Yes. That's exacly why I mentioned an actual application instead of an
imagined one. You have an imagined one. I've seen plenty of such
hypothesized ones. I have yet to see an actual one. As you say, people
don't use numerical integration routines to integrate sin(x). Sure,
again, I could invent a scenarios where it might make sense to do so...
but I haven't seen that scenario actually happen - ever. Have you?
Anything that includes phrases like "there might be some use for" is
automatically disqualified.

--
Richard Maine | Good judgement comes from experience;
email: last name at domain . net | experience comes from bad judgement.
domain: summertriangle | -- Mark Twain
FX

2006-10-03, 8:12 am

> I think we are saying basically the same thing except that you are
> skipping ahead to a slightly imprecise statement of the consequence in
> the most usual situation, while I'm trying to keep back at a more
> precise statement at the point where the problem arises.
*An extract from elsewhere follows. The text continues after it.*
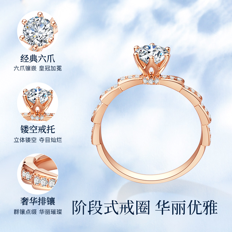 首页>钻石女戒>爱的阶梯/18K彩金钻戒 30分F-G/SI国检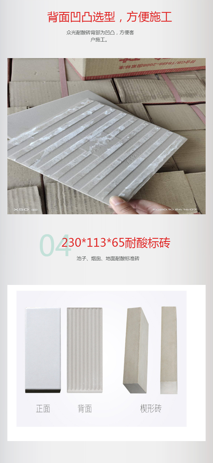 耐酸磚的國家標(biāo)準(zhǔn)是GB/T8488-2008.主要的參數(shù)有:耐酸度,吸水率,彎曲強度,耐急冷急熱性。中冠生產(chǎn)的耐酸磚完全符合耐酸磚的國標(biāo),并且可以提供檢測報告。其實選擇耐酸磚的標(biāo)準(zhǔn)主要有兩個:由于耐酸磚的主要成分是二氧化硅,那么我們就可以從成分上觀察耐酸磚是否含有二氧化硅元素。其次可以從外表來看,耐酸磚是否存在裂紋或殘缺,或者是否有斑點、缺釉、干釉等現(xiàn)象出現(xiàn),因為這些問題都是施工過程中的不達標(biāo)導(dǎo)致的。后呢我們可以從耐酸磚的規(guī)格上判斷,耐酸磚的規(guī)格都是嚴(yán)格按照一定的尺寸來進行加工的,這樣便于鋪設(shè)時候的整齊美觀,如果出現(xiàn)規(guī)格尺寸大小不一致的情況也是耐酸磚不達標(biāo)的表現(xiàn)之一。

I do think we are saying the same, but you're actually saying it right
and I'm using both inappropriate terminology and approximative
statements. Doh.

> I'd say that even better advice would be to not pass generics as actual
> arguments.


Well, that might work when you write your own code (and I promise, I
never passed generics as actual arguments in my code, and do not intend
to) but that doesn't work when you're writing a compiler :)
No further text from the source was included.